The Mudcat Café TM
Thread #4707   Message #4142682
Posted By: Joe Offer
28-May-22 - 03:07 AM
Thread Name: Origins: 'Burke & Hare' DT Version sources
Subject: Origins: Burke & Hare
from http://www.pearl.arts.ed.ac.uk/Tocher/Vol-05/05-140/05-140fr.html - the School of Scottish Studies, University of Edinburgh.

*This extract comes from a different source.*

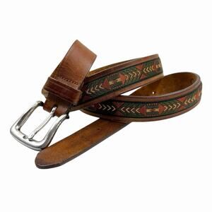 VINTAGE MENS BRIGHTON WESTERN LEATHER BELT SOUTHWEST FABRIC BUFFALO NICKEL SZ 36
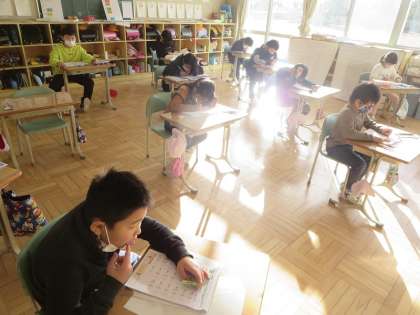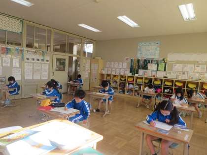 学習内容の振り返りや確かめのためにプリントやドリル、テストに取り組む小泉っ子。できるようになるまで、あきらめず、こつこつと続けていきましょうね!

SA 1970/180/A3. Recorded from Angus Russell, Kilwinning, Ayrshire by Peter Cooke, August 1970.

BURKE AND HARE

To help the folk at medical school
Word is spread around.
A body nae mair than ten days' auld
Will bring in fourteen pund.
It's a terrible thing, but true to say
In this age o' grace
A man's worth muckle when alive
But plenty when he's deid.

Refrain
An it's doon the close an up the stair
A but and ben with Burke an Hare.
Burke's the butcher an Hare's the thief
And Knox is the man that buys the beef.

An in the dark o' mony a nicht
When a' guid folk are sleepin',
By the dyke an in the kirkyaird
Come two shadows creepin'.
An many a man that's cauld richt throu '
An safely laid away,
He never thocht it wasnae the last
He'd seen the licht o' day

Refrain

But no content wi howkin deid -
A ploy that aye gets harder -
They started pickin healthy folk
And then committin murder.
And in the dark to the countryside
Creeps a fearsome pair:
Be ye man or wife or wean
Ye're no safe frae Burke an Hare.

Refrain

But noo Auld Reekie can sleep at last
These twa will trade nae mair:
It's the gallows-tree for William Burke
And a pauper's grave for Hare

Refrain


But is there an earlier source? I see it's in a book titled Come Gie's a Sang. Anybody have that one?